1 post tagged “hans tiedge”
Mid-August is generally known for its dog days, but that heat must occasionally cause a synapse or two in the brain to go haywire, leading to either a blown fuse or a power surge. That certainly appeared to occur more than once on the Eastern side of the Boomer Half-Century’s Cold War. Every time, it surely did manage to piss off the Western side, even if it was a result of their own prodding.
In August 1953, the Soviet Union publicly acknowledged it had tested a hydrogen bomb.
In August 1960, the Soviet Union shot down a U-2 spy plane, capturing U.S. pilot Francis Gary Powers, and then sentencing him to 10 years in prison.
In August 1968, The Soviet Union noticed that the Prague Spring had stretched pretty far into the summer, so sent 200,000 Warsaw Pact troops and 5,000 tanks to Czechoslovakia to set the calendar straight.

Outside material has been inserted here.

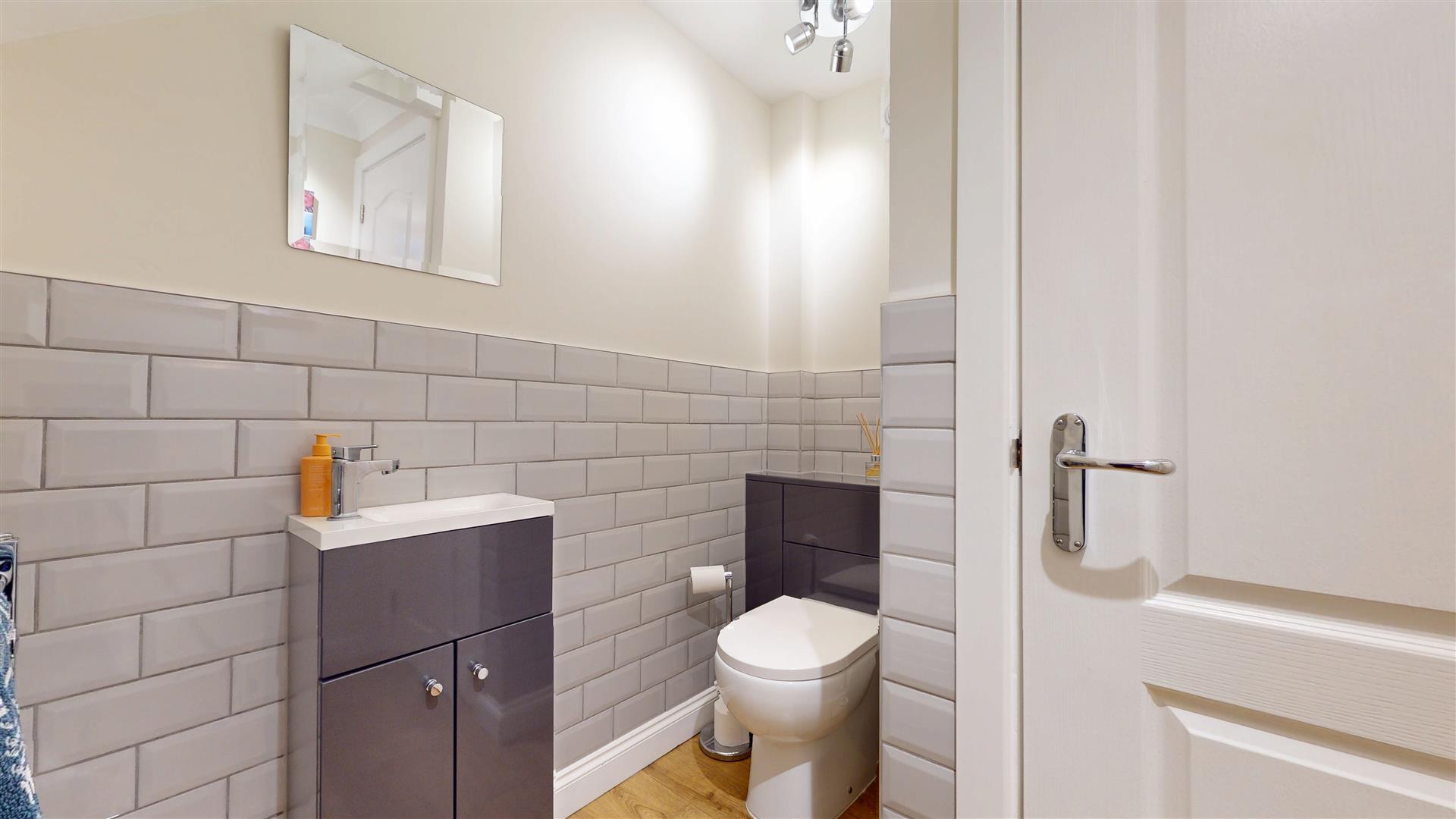 Two piece suite comprising close coupled wc and wash hand basin in vanity surround. Heated towel rail. Extractor fan. Part tiled walls. Coat and shoe storage.

In August 1979, Soviet dancer Aleksandr Godunov defected to United States. Six years later, i.e., August 1985, in an odd sort of tit for tat, Hans Tiedge, a top counter-spy working out of West Germany, defected to East Germany.

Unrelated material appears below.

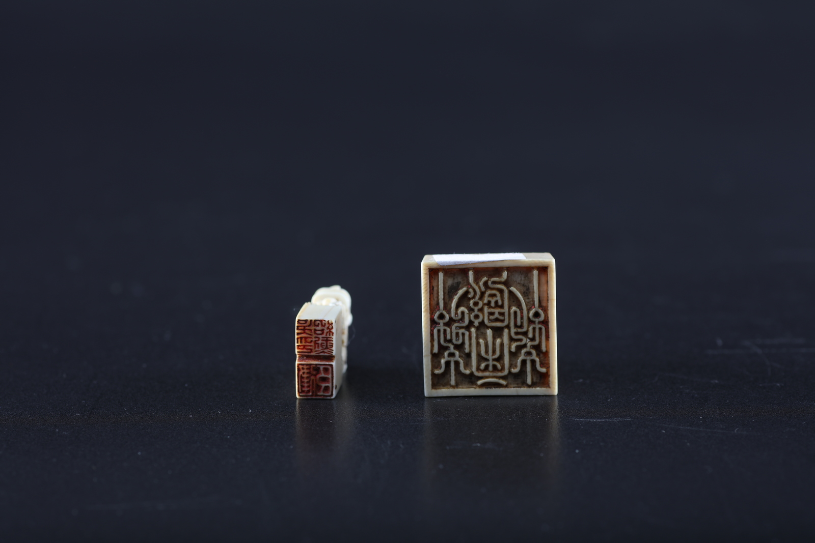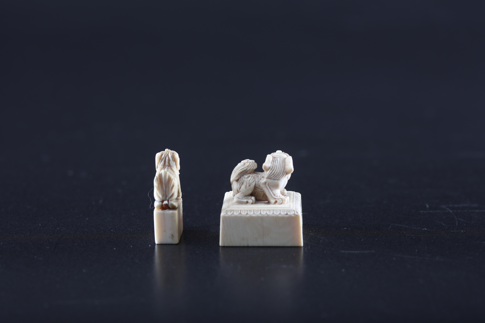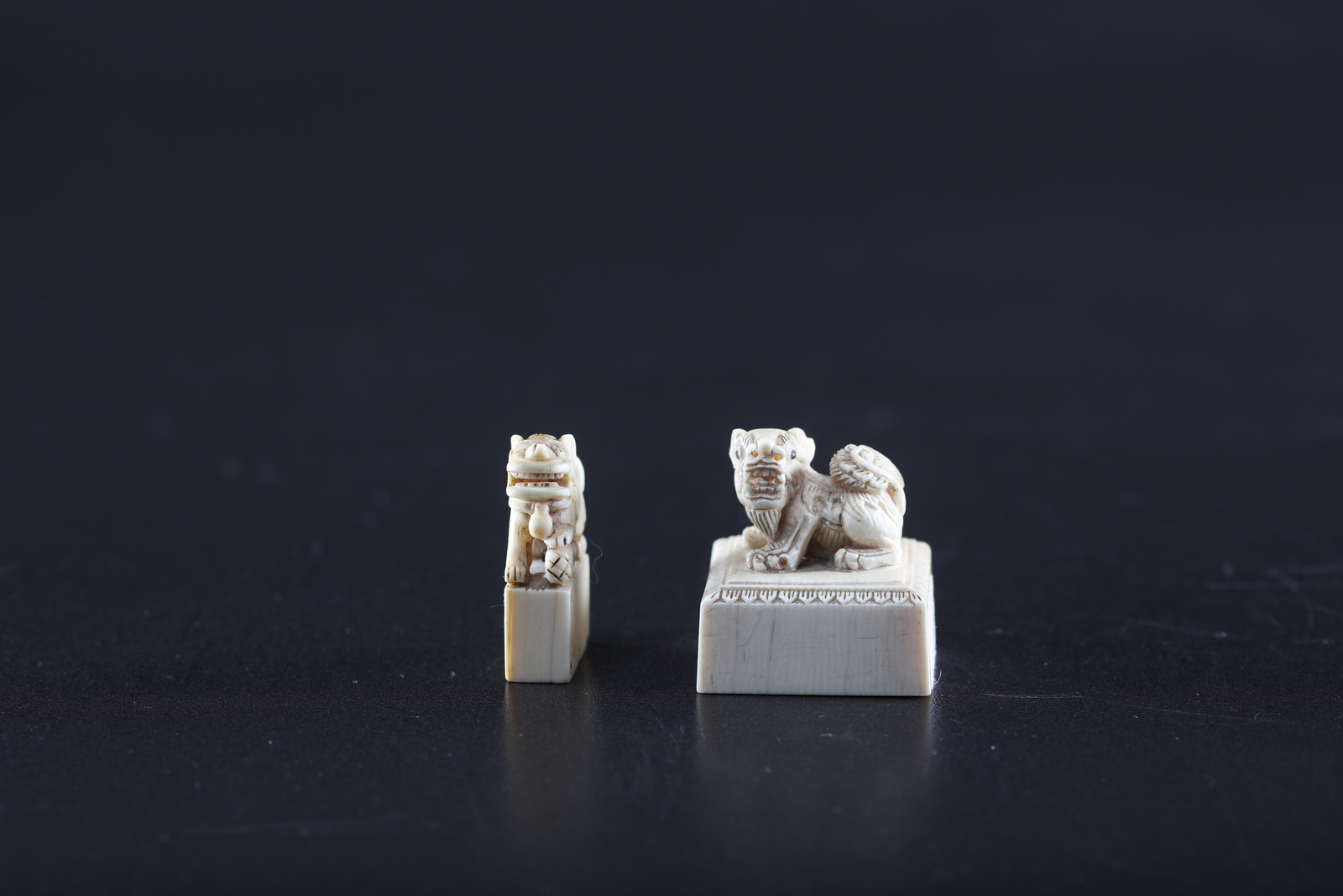 Arte Cinese Due sigilli in avorio con impugnatura a forma di cane di pho

By August 1990, the whole Eastern Team of the Cold War was approaching retirement. Tiedge the Spy was probably none too pleased—after risking his life to cross the border—to find that East and West Germany planned to banish that same border. At the same time, Armenia declared independence from the Soviet Union.

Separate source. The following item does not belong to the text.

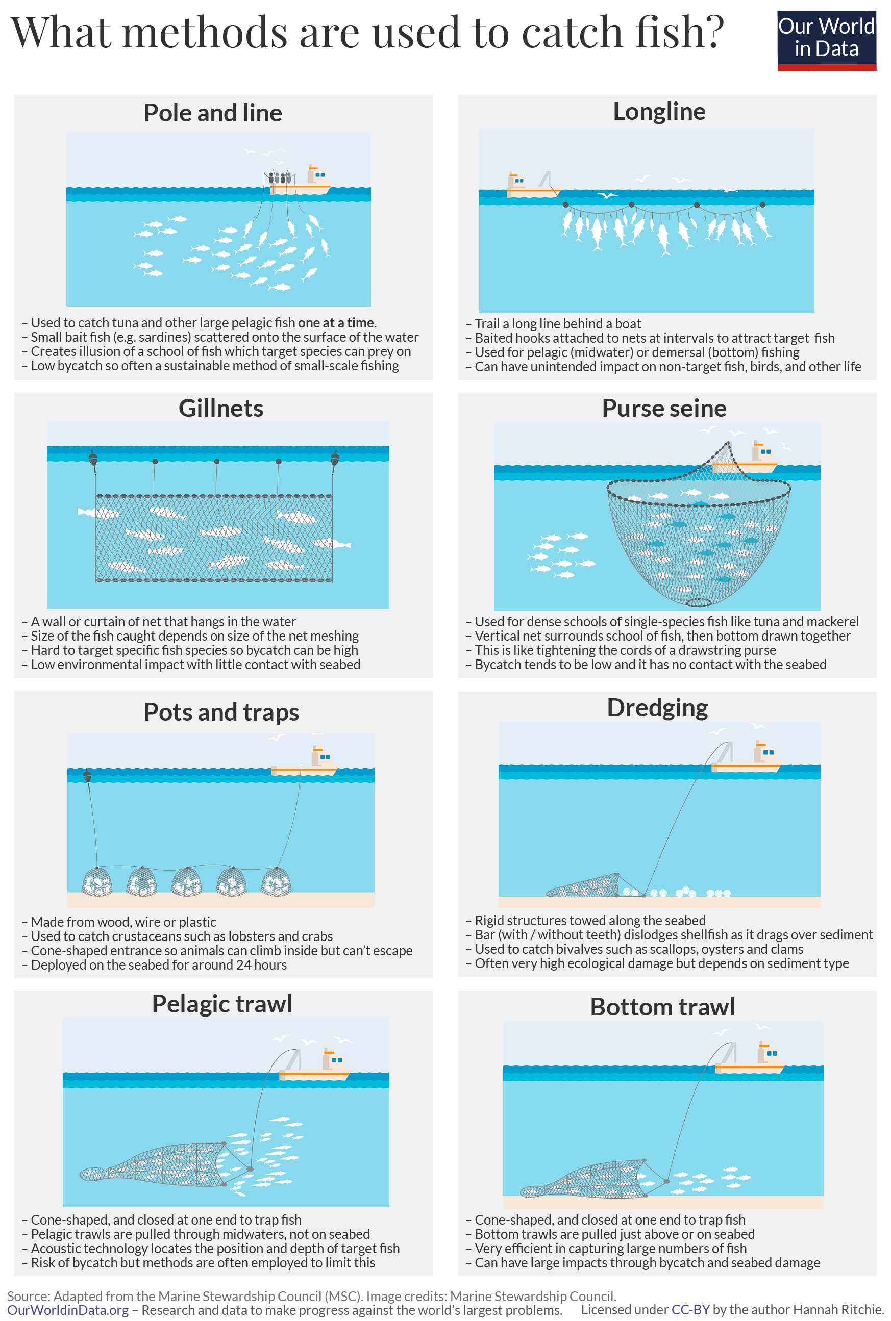 There are a variety of ways to catch fish. These matters because they depend on what fish we want to catch, how much fish we can catch (and ultimately, the amount of fish we have to eat and the income fishers get), and what the ecological impacts are.

You wouldn’t think a snowball would have much chance in the northern hemisphere in August, but only a year later, in August 1991, that ball really began to pick up snow. When Gorbachev went on vacation that month a coup was attempted in Moscow, and he was placed under house arrest. That didn’t last long—within a day more than 100,000 Soviet citizens showed up outside the parliament building to protest the coup attempt, Gorbachev was released from house arrest, and by the 23rd of the month, he was back in Moscow giving his Cabinet a thorough cleaning. Not that it mattered – remember the snowball? It was really on a roll…two days later, Belarus declared independence from the Soviet Union.